Friday, April 11, 2008

Perverse Incentives

Question: What's the biggest reason for a bank to want to avoid foreclosure?
Answer: The cost and hassle of having to sell the home. Banks don't want to be realtors.

Question: Will a $7,000 tax credit to buyers of a foreclosed home encourage people to buy foreclosed homes instead of other homes?
Answer: Yes.

Question: Will having more buyers willing to look specifically at a foreclosed home reduce the cost to a bank of foreclosing on a person's home?
Answer: Yes.

Question: Then why is a $7,000 tax credit to buyers of foreclosed homes - a feature of the just-passed housing assistance bill - being sold as a "homeowner's assistance" bill? Won't it actually encourage banks to foreclose, and reduce their incentive to negotiate with homeowners who are in trouble?
Answer: ?

2 comments:

Steve and Katrina said...

The only thing that I can think (besides it being an election year) is this.

Why are so many homes being foreclosed? Because people are finding themselves #1 unable to pay their mortgage and #2 upside down on their home. The reason for two is because of supply and demand (since the supply >>> demand prices are dropping). If this $7,000 can increase demand then prices may start to stabilize (two big assumptions there) and people may have more incentive to stay in their homes and find a way to afford it or work with the bank to refinance.

Plus, since prices may have stabilized it could be easier to refinance since the bank is more likely to loan a higher amount against an asset that is not losing value.

A lot of assumptions but after all it is our government in an election year.

-Dave said...

It's a reasonable argument, but the question remains: why only incentivize the buying of foreclosed homes? If the problem is national housing demand, then the solution needs to hit that broad market.
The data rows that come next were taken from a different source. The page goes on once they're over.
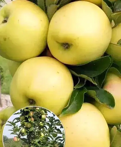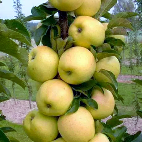 Яблоня колоновидная Белладонна — это полукарликовое, практически карликовое дерево. Высота красавицы «,Белладонны», достигает 2,5 м. Крона дерева покрыта зеленой листвой, сохраняющей свой окрас до глубокой осени. Плоды округлые, покрытые золотисто-желтой кожурой с красным румянцем на солнеченой стороне. Кожура у яблок плотная, тонкая и глянцевая. Белоснежна мякоть яблок сорта Белладонна сладкая, сочная, с небольшой кислинкой. По структуре мелкозернистая, хрустящая и откалывающаяся при надкусывании или разрезании. По весу плоды могут достигать 140-250 г. Сорт яблони Белладонна, устойчив к парше и основным видам заболеваний. Благодаря этому яблоки имеют товарный вид и не нуждаются в обработке.
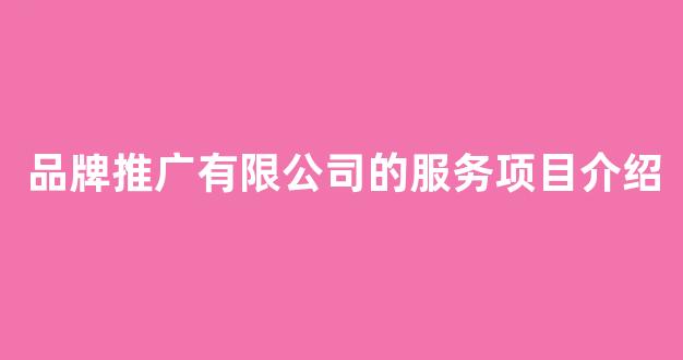 本文《品牌推广有限公司的服务项目介绍》发布于君君营销文章,作者:admin,如若转载,请注明出处:/news/ppyx/2451.html,否则禁止转载,谢谢配合!
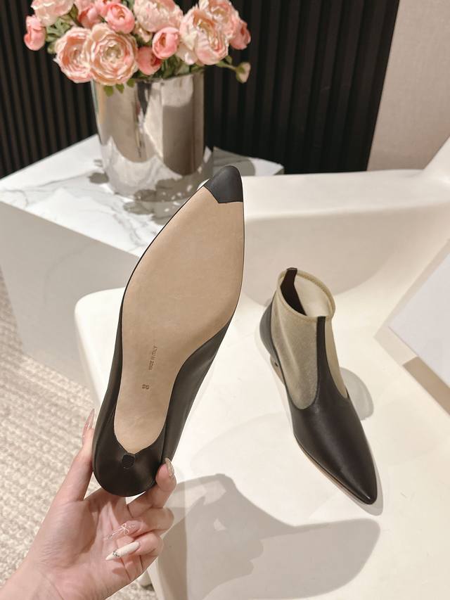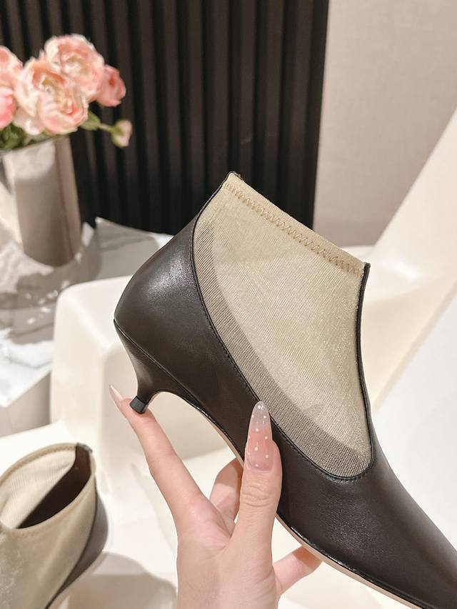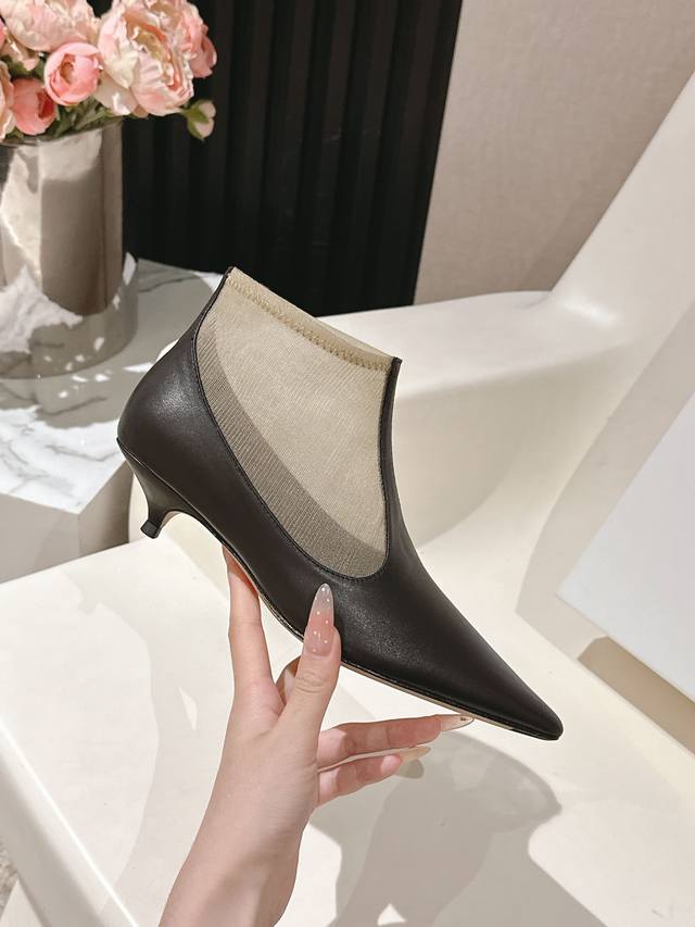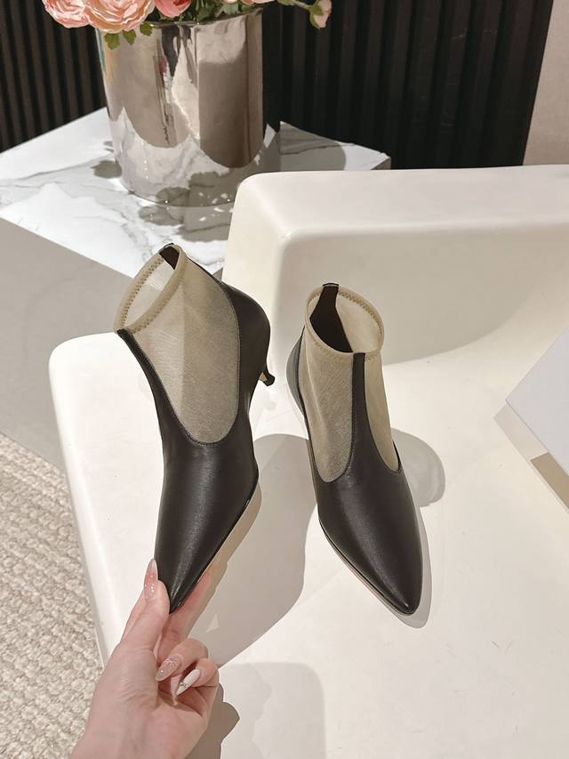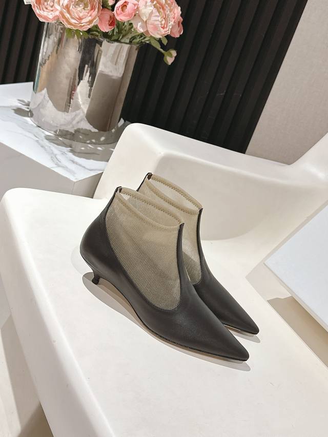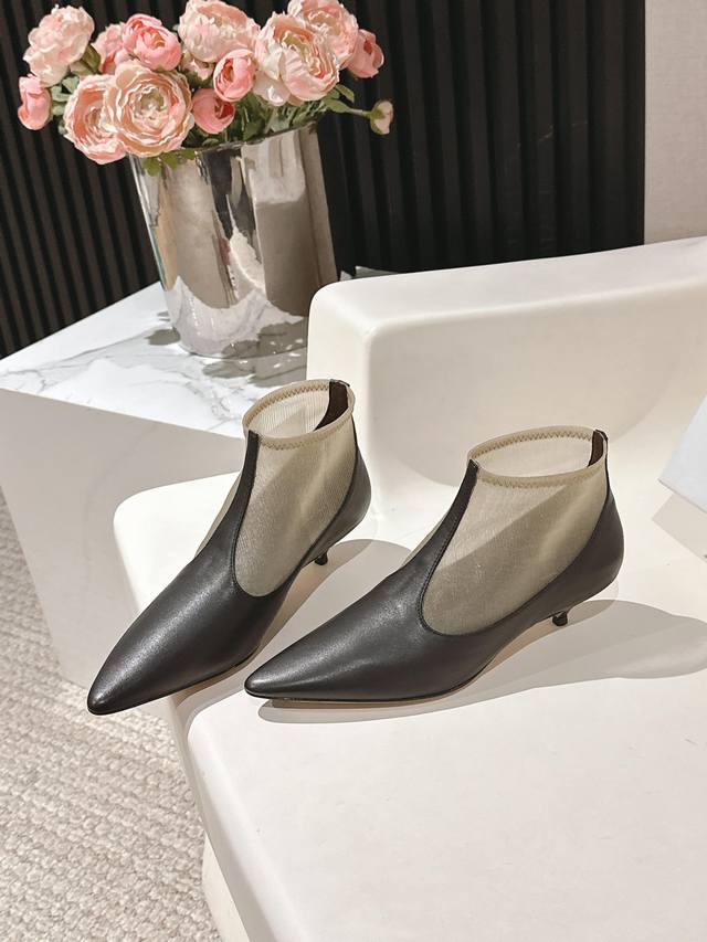 Factory Price P The Row25 Spring And Summer Mesh Small Pointed Toe Kitten Heel Boots Short Boots That Can Be Matched With All Seasons

Reward the purchase of any home that is currently built or under construction (to avoid incentivizing the construction of new homes).

I agree that prices need to stabilize. I'm wary of any government program that tries to prop up prices because it's an unviable long-term solution (if prices are held artificially high, they still have to come down to clear the market). There's reason to try and slow the rate of descent, so prices don't plunge too far, only to rise sharply again.

But I think the government is simply trying, above all, to appear to be "doing something." What the economy really needs is the mounting weight of foreclosures to (1) hit banks whose elaborate mortgages are now backfiring, (2) encourage banks to negotiate with homeowners, and (3) provide a solid dose of reality to a market which was lacking it.

If the government always comes to the rescue, it not only means a load of debt for future generations, but it institutionalizes a lot of moral hazard. How many banks played fast and loose with the mortgage rules and terms, simply because they are "too big to fail" and they could count on government salvation?

Perhaps the worst part of the housing bust is that it comes early in an election year, drastically raising the odds that it will lead to some monumentally bad policy before November rolls around. At least there's seperate parties in control right now. I'd fear much worse boondogles if the Republicans held Congress (or Democrats the presidency), simply because there would be no effective dissent.

The dot-com bust injected a lot of much-needed reality back into the stock market. People who lost their shirts in that did not get a lot of government support to recoup their losses. I believe the same should be true in this situation.